To see this, we have

$$f(y)=p^y(1-p{)}^{1-y}=\exp (y\ln (p/(1-p))+\ln (1-p))=:\exp (y\theta -\ln (1+e^{\theta }))=:\exp (y\theta -b(\theta )).$$

Therefore, the canonical link function is

$$g(p)=\ln \left(\frac{p}{1-p}\right).$$

This link is called the logit link, and $g^{-1}$ is called the sigmoid function:

$$p=b^{\prime }(\theta )=\frac{\exp (\theta )}{1+\exp (\theta )}=\frac{\exp (x^T\beta )}{1+\exp (x^T\beta )}.$$

Poisson Regression by Poisson Distribution

When the GLM is Poisson Distribution with canonical link, the MLE gives Poisson Regression.
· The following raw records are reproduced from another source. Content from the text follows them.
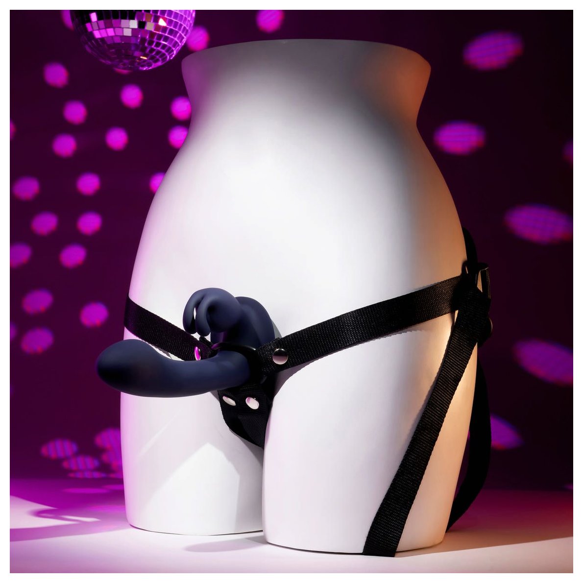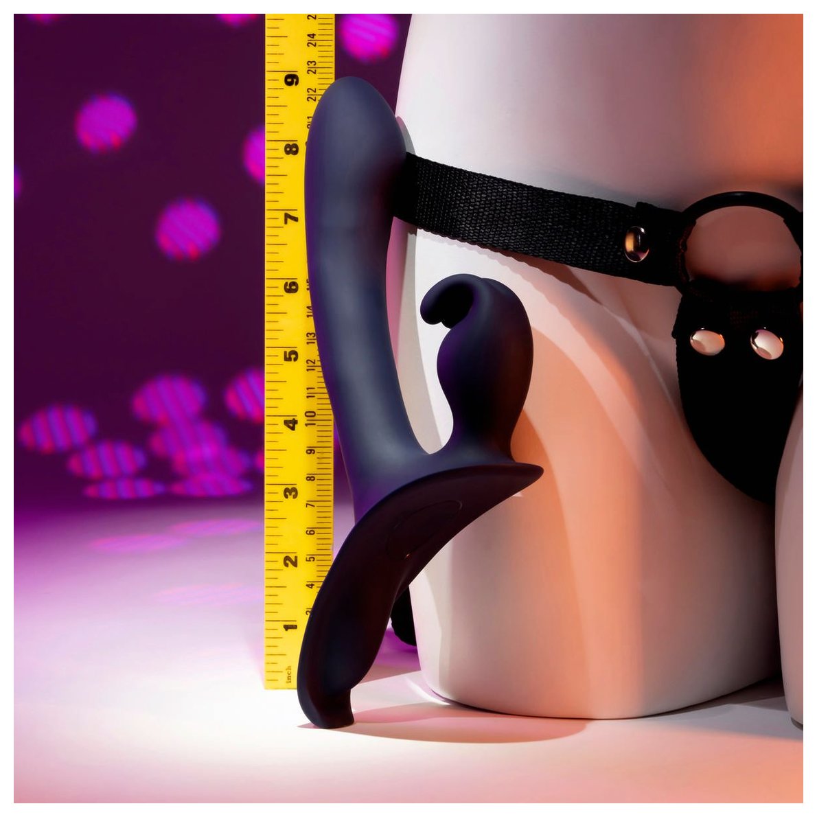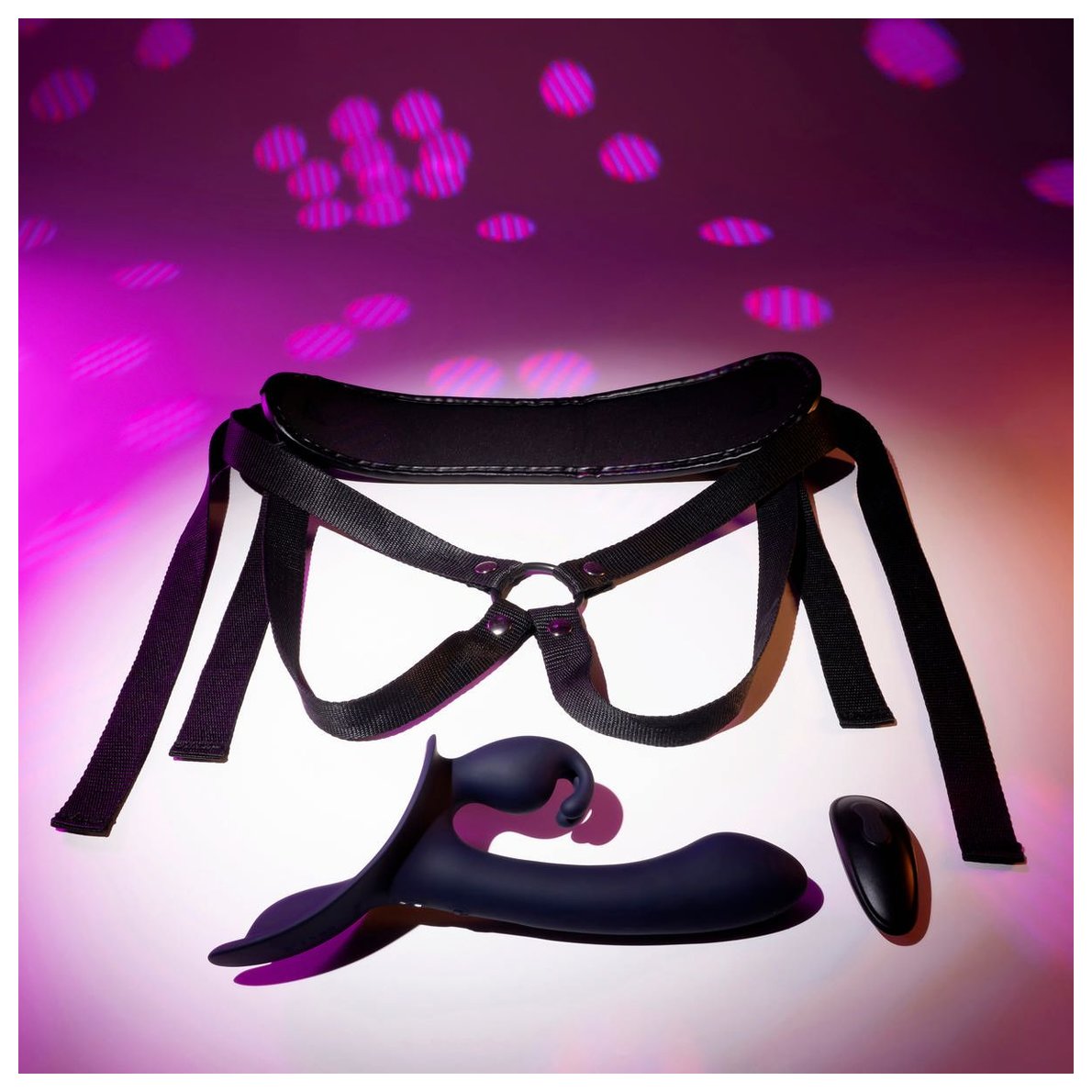 Погрузитесь в океан взаимного наслаждения! Этот инновационный страпон-вибратор с тремя мощными моторами перевернет ваши представления об интимной близости. Уникальная конструкция обеспечивает интенсивную стимуляцию одновременно для обоих партнеров, даря невиданные ранее ощущения. Три зоны мощного удовольствия: Изогнутый основной стержень: идеально повторяет анатомические изгибы для глубокой точечной стимуляции G-зоны или простаты. Максимально реалистичные ощущения! Широкие “зайчьи ушки” клиторального стимулятора: охватывают и мощно вибрируют самую чувствительную зону, даря непревзойденное наслаждение принимающему партнеру. Третий мотор в “ластовице”: уникально! Специальный виброэлемент у основания контактирует с телом активного партнера, обеспечивая приятную стимуляцию и вовлеченность в процесс. Наслаждайтесь вместе в полной мере! Полная гибкость: весь вибратор выполнен из высококачественного, гипоаллергенного силикона (без фталатов и латекса!) и обладает исключительной гибкостью. Он естественно двигается вместе с вашими телами, обеспечивая комфорт и идеальный контакт на протяжении всей игры. Идеальная посадка и контроль: регулируемые ремни на талию и бедра из прочного полиэстера гарантируют надежную и комфортную фиксацию для любого телосложения. Усиленное крепление-кольцо надежно удерживает вибратор, обеспечивая точное позиционирование и уверенное управление процессом. Плотное прилегание без дискомфорта! Мощь и универсальность: 9 скоростей и режимов вибрации (от нежных пульсаций до мощных волн) позволяют найти идеальный ритм для обоих партнеров. Все три мотора управляются одновременно с одного пульта для синхронного наслаждения. Удобное дистанционное управление: компактный пульт (ABS-пластик) с магнитной зарядкой обеспечивает плавное переключение режимов на расстоянии до 4.5 метров. Передайте управление партнеру или контролируйте процесс сами! Современная зарядка: и вибратор, и пульт заряжаются через USB с помощью удобных магнитных кабелей (в комплекте). Водонепроницаемость: водонепроницаемый (IPX7) и погружаемый корпус открывает двери для игр в душе, ванной или просто легкой очистки. Рабочая длина - 14,6 см.
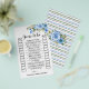 Gissa vem Blåa blommor Möhippa-spelkort Flygblad
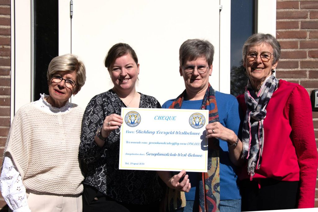 Op 29 april 2024 overhandigt Lia Vlemmings penningmeester van de soroptimisten club West-Betuwe aan Anne van Opijnen van Stichting Leergeld Westbetuwe een bedrag van 750 euro in het bijzijn van soroptimisten Reina Rijzenga en Miek Hoogbergen. Zij zijn beide vrijwilligers van Stichting Leergeld West-Betuwe. Lees hier het artikel op hun website donatie-soroptimisten

In this case, $Y$ is a count variable, which is a non-negative integer.

Other

• Multinomial distribution with MLE gives multinomial or ordinal regression, where $Y$ is categorical with more than two outcomes.
• Gamma Distribution with MLE gives Gamma regression, where $Y$ is positive, e.g., amount of an insurance claim.